3DO was a fascinating console. I feel had it not been for the insanely high retail price of $699.99 (adjusting for inflation, that would be the equivalent of dropping about $1,500.00 today), it might've seen a stronger run of major market appeal. There was definitely fascinating software for it, but it remained elusive for me, as there was no way I would've been able to talk my parents into plunking down a fortune for a new platform, much less support a library of games for it.

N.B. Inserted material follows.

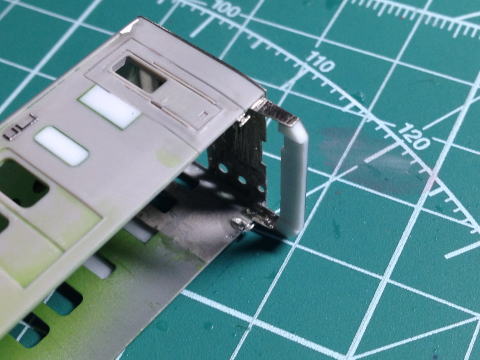 手すりステップを取り付け。 前面行先はプラ板を貼っておきます。  |

Rise of the Robots was probably the first 3DO game I ever played, and I recall the publications giving it a lot of praise for being a technical marvel prior to release. The game was developed by five people, including Sean Griffiths, former staffer from Bitmap Brothers (The Chaos Engine: Soldiers of Fortune), so there was talent behind the concept. Problem is, crafting a fighting game was uncharted territory.
There is a good deal of horsepower that's thrown into the soup of RotR. The work done on the rendered models is certainly stunning, even the Super Nintendo port looks great for what it is, even including the pre-fight cut sequences (though they look like they were placed in a blender and set on puree). The downside is, this leads to incredibly sluggish and borderline unresponsive controls, piss poor collision detection, and a limited moveset that fails to impress. Like Shaq-Fu, this engine does feel like it suits a fighting game.

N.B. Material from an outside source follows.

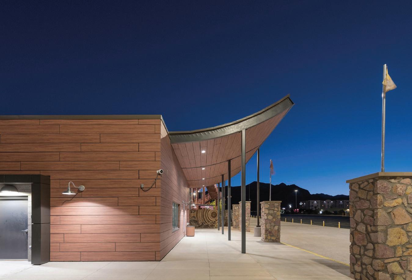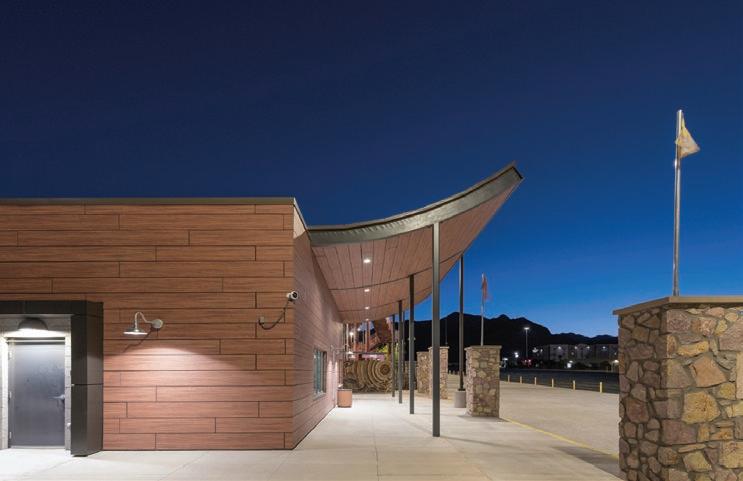 Parkhill Architects were appointed by El Paso City Authority to design three new waterparks and it was decided to use Abet Laminati’s MEG exterior grade laminate. MEG 754 Padouk was specified as the architects were looking for wood effect cladding which would complement the camp theme and which could be cut into planks to simulate a cabin.

Then there's the roster; for a single player experience, you can only play as the main character ECO35-2 Cyborg. Despite being humanoid, it doesn't move any faster or with any more fluidity than the other machines you battle. The other bots (like the cleverly named Prime-8) look alright, but there's little else to them. Wanna face a buddy in 2-player versus? Player 1 is only stuck using ECO35, while Player 2 can select from the Five Below line-up of reject action figures. Chances are, you're not going to get much out of Rise as even a game to mess around with while drinking beers with your friends. Unless you have a lot of beer.

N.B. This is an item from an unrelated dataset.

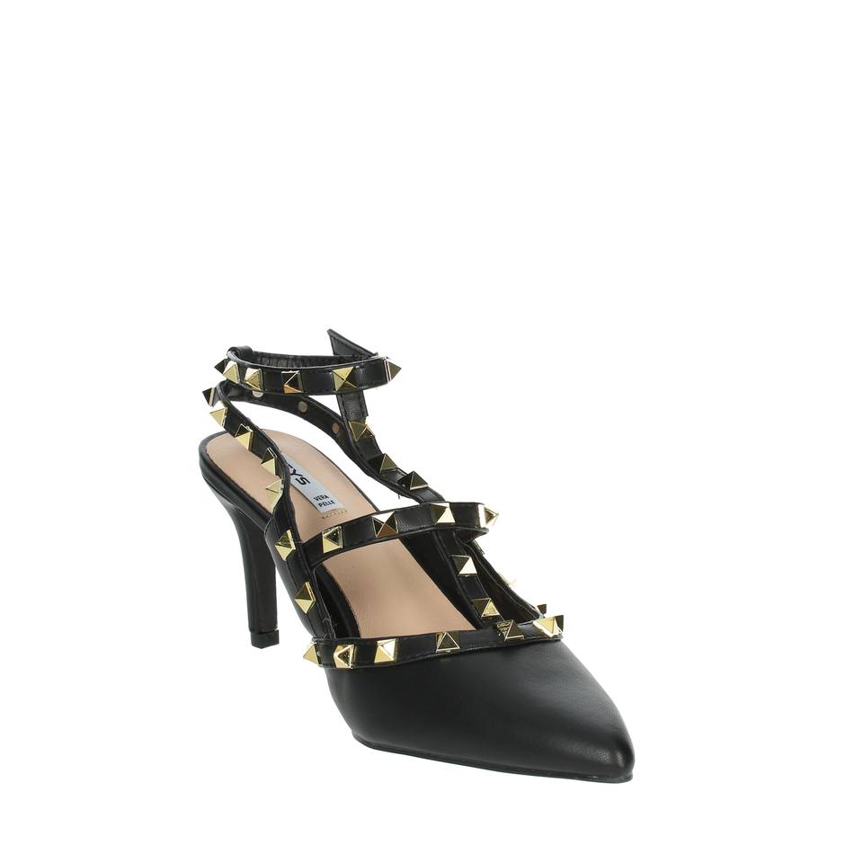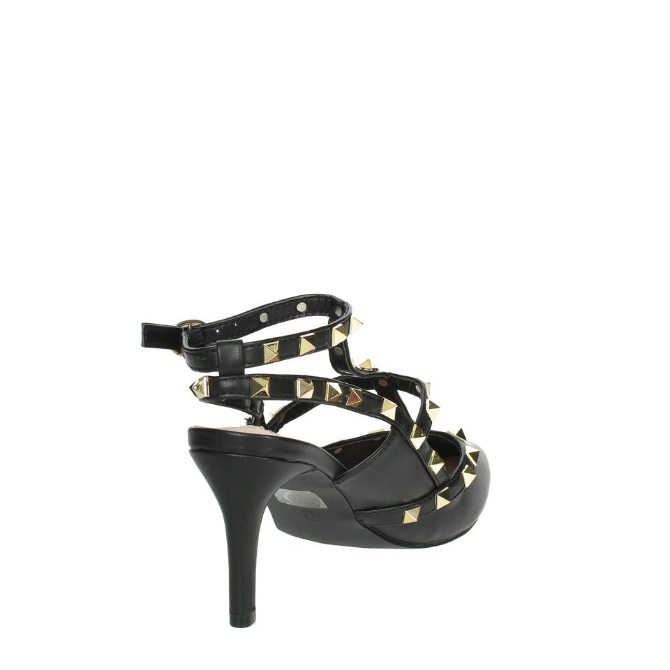 Black K-9340 Slingback Pumps High Heel Lace Sandals Thin Heels Pointed Toe Fashionable Deco Stones High Quality 8cm Heel Height

At least the music production is pretty great, the lone standout quality from this shit. Queen's league guitarist Brian May features two of his tracks from his solo album "Resurrection" and "The Dark", and it sounds hella good. The rest of the music is produced by the late composer Richard Joseph, whose career spanned two decades in video game music production, up to his passing in 2007. Rise of the Robots certainly embodies a haunting, dystopian atmosphere, where everything is completely automated, as mankind is dependant on machines......this suddenly got very real, and very dark. The metal clanking sound effects aren't too bad either.


Rise of the Robots remains one of the most hideous fighting games, not just of the 90's, but in general. Off the top of my head, there are some that are considerably worse 90's fighter out there (Karate Champ, SNES Pit-Fighter, Kasumi Ninja, and Brutal: Paws of Fury, just to name a few), but this is a teachable moment to highlight that it takes way more than super high production values to make your tournament fighter appealing. Even by '94, there was a degree of standards and a baseline for quality.
The roster is terrible. Normal attacks don't land with any kind of weight or cohesion. Special attacks are not only a pain to pull off, but are executed with zero flare or pomp. The collision detection is a joke. Anything resembling a story is non-existent. It's not even awful enough to end up in the "so bad, it's good" territory.